Supporters fear that extended discussions about the proposal could result in the companies who have monopolies putting pressure on lawmakers to cut the open-access middle mile piece, he said.

“The sooner it gets passed, the sooner the relevant agencies can start doing the formal planning and staffing up for any grant awards or formal contracts to do the work,” he said. “If we wait until the end of session in September, which means half way into October to get it signed, that is months of lost time that the work could be progressing.”

When the pandemic forced everyone online as people limited in-person interactions, the importance of having affordable, reliable broadband available to everyone, became apparent, coalition members said during a Tuesday press conference.

“COVID-19 exposed inequities that have been hidden in plain sight in California for decades,” said Santa Clara County Supervisor Cindy Chavez.

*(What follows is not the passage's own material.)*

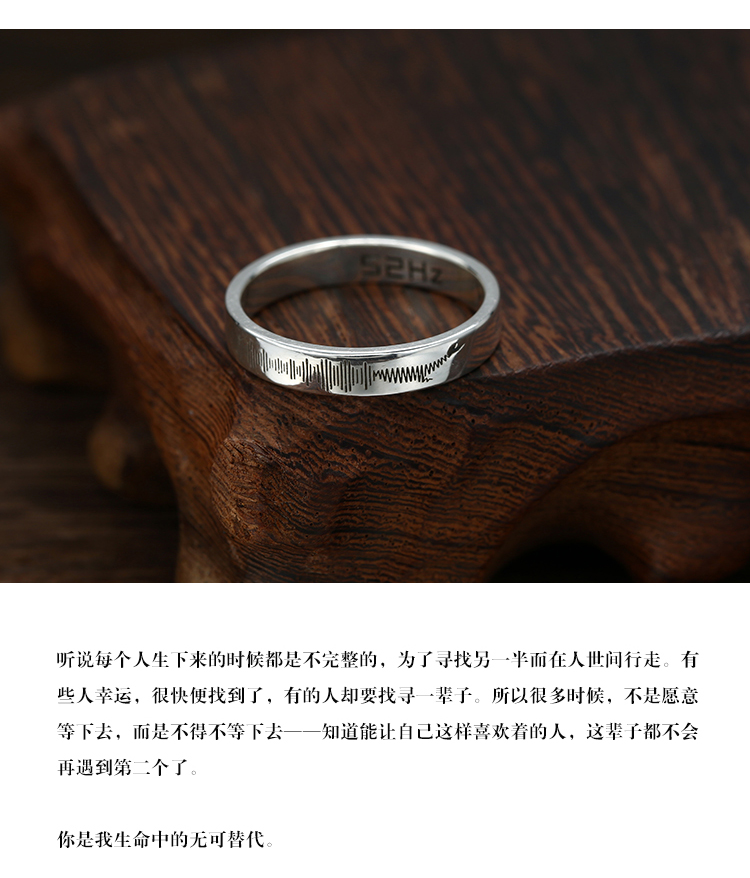 52Hz Ring Men's Trendy Women's Niche Design Light Luxury ins Adjustable Opening Retro Couple's Ring Original
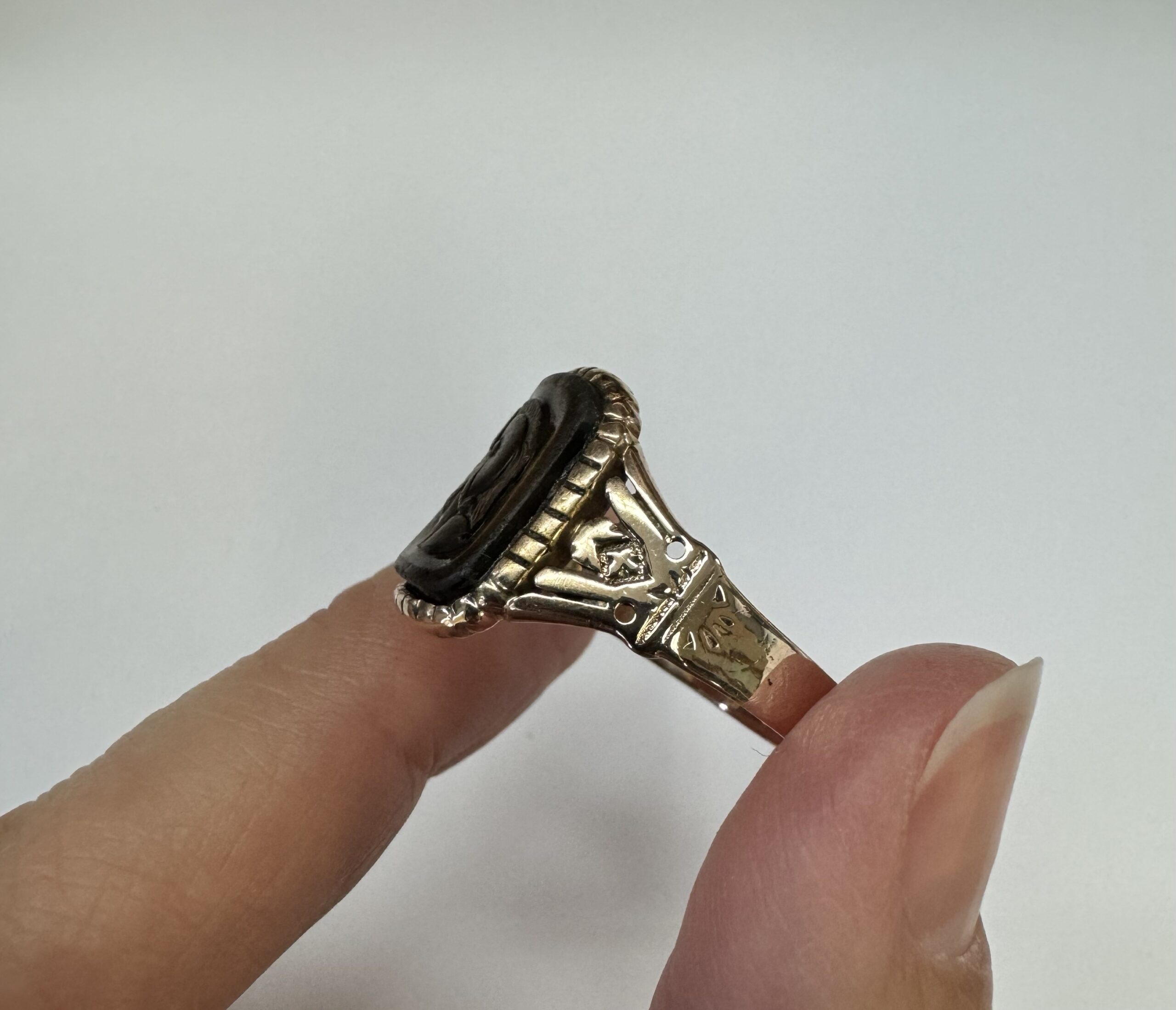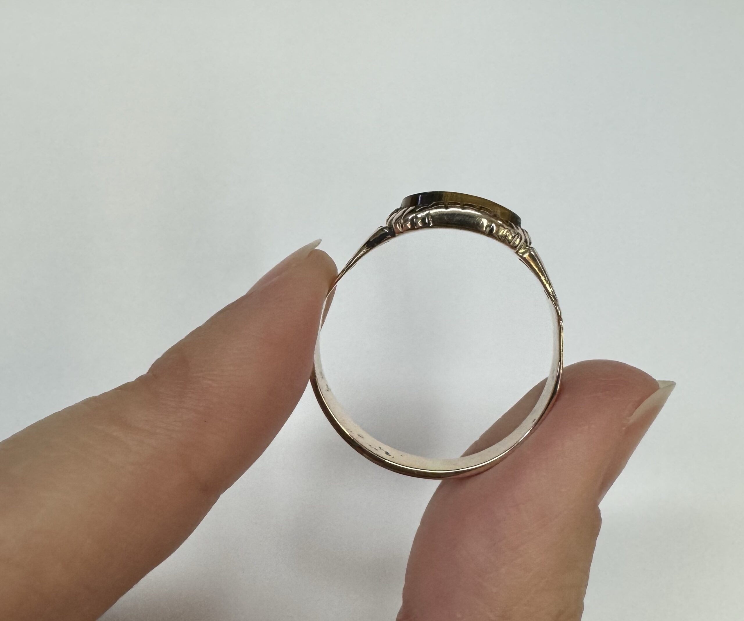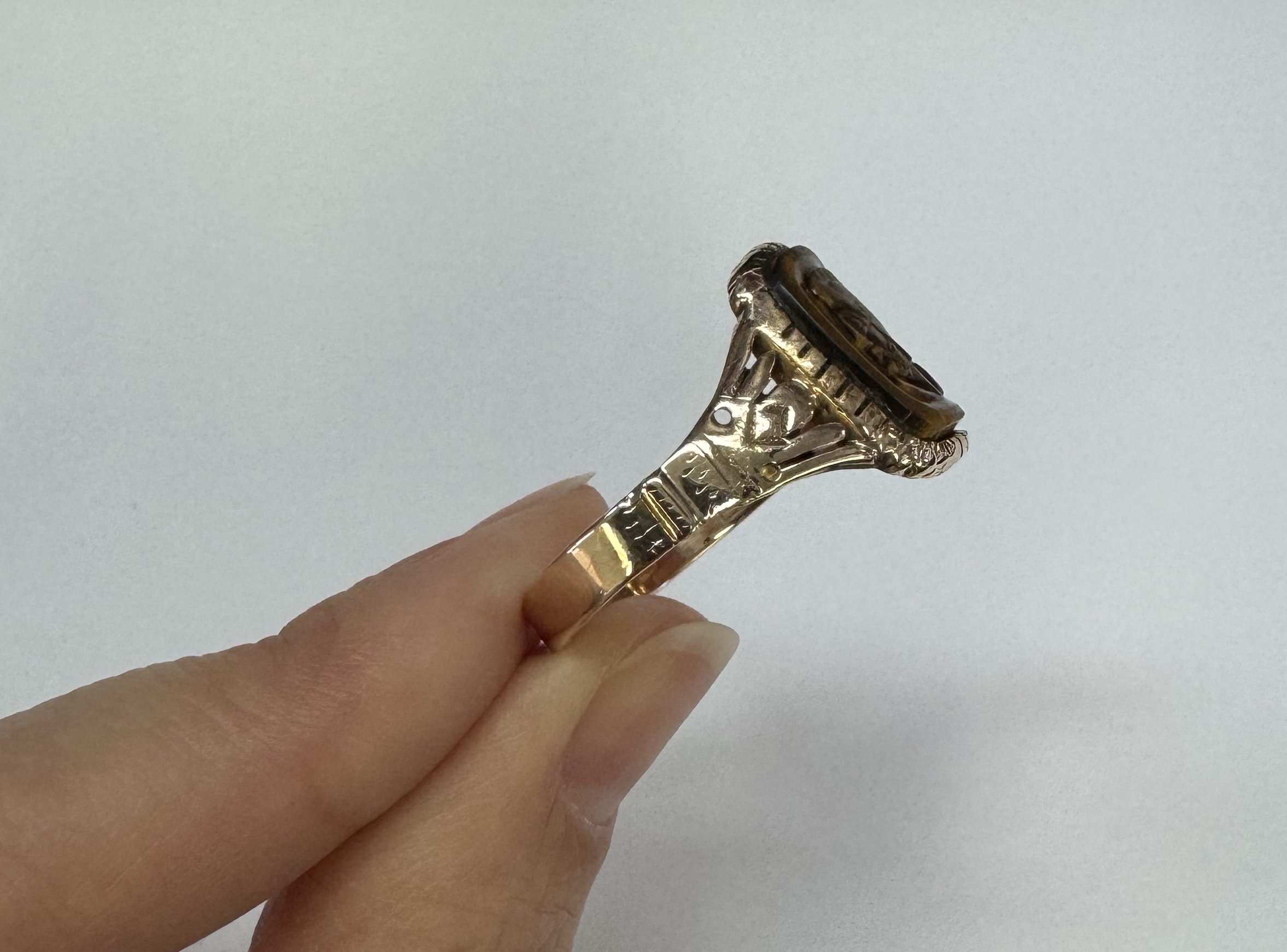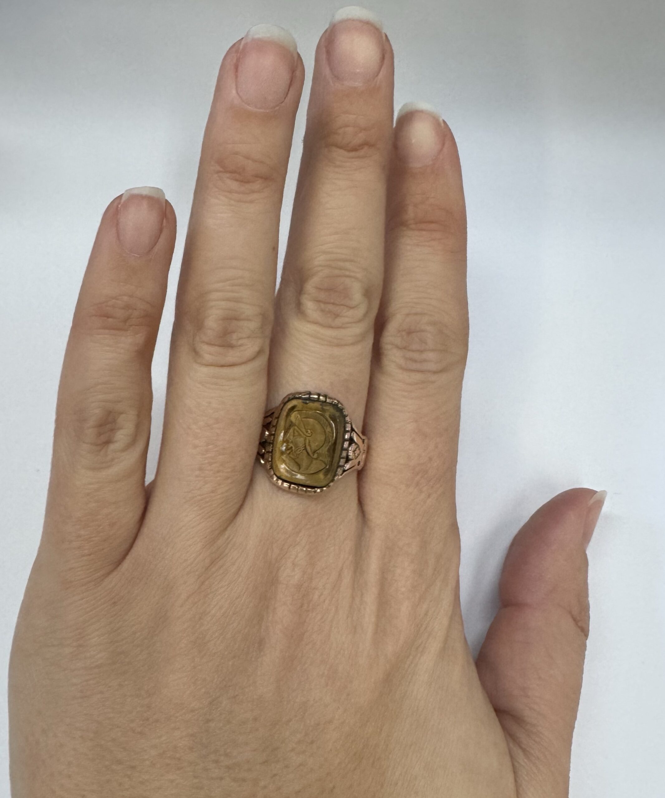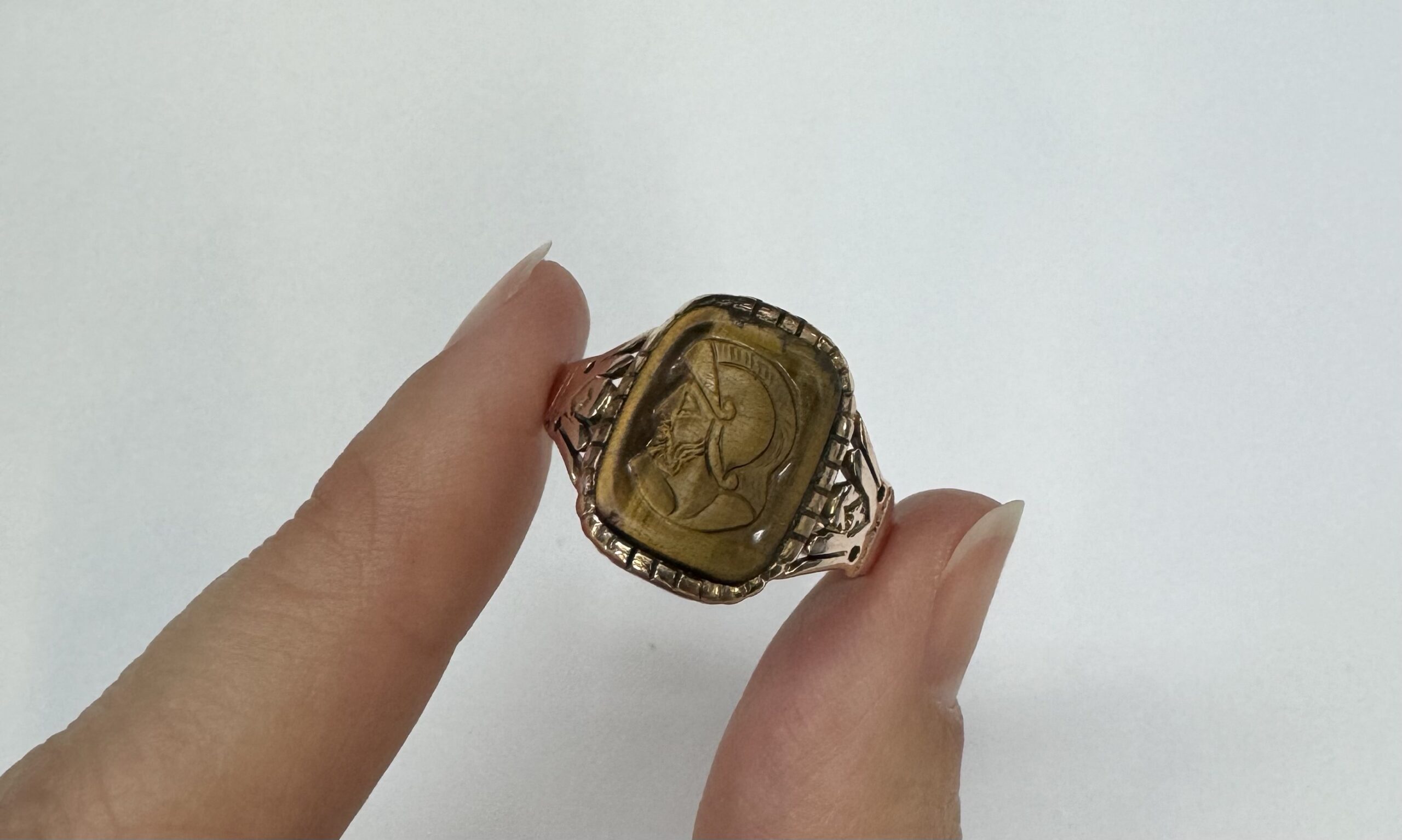 Vintage 14k rose gold genuine carved Tiger’s Eye Intaglio ring, size 13 (can be sized at no charge), 4.62 grams. Please make note of finger size desired in comments section at checkout.

“More than 2 million Californians do not have adequate Internet access to do things as basic as attending a Zoom meeting,” Chavez said. “What that means is a child who can’t attend a class, an employee who can’t go to work, the inability to take advantage of virtual healthcare including outreach for COVID-19 vaccines and testing.”

While the program prioritizes the unserved and underserved, the open-access middle mile network proposed along the state’s highway system would allow for more competition from a variety of internet providers potentially lowering rates for everyone, Neill said.

“Now the vast majority of internet infrastructure is proprietary and controlled by a single company,” Neill said.

Those monopolies give them free reign to raise rates since the industry isn’t subject to rate regulation like electricity providers are, he said.

An open-access middle mile network that would be similar to long-distance transmission lines for electricity “has the potential to increase competition, lower costs, improve speeds and customer service,” said John Chiang, co-chair of California Forward and the state’s former treasurer.

“Reliable broadband is not a luxury, it’s a modern day necessity as vital as electricity and clean water,” Chiang said. “We join a broad coalition urging the state Legislature to take bold action and adopt the governor’s $7 billion broadband infrastructure plan to finally deliver on the promise of broadband for all.”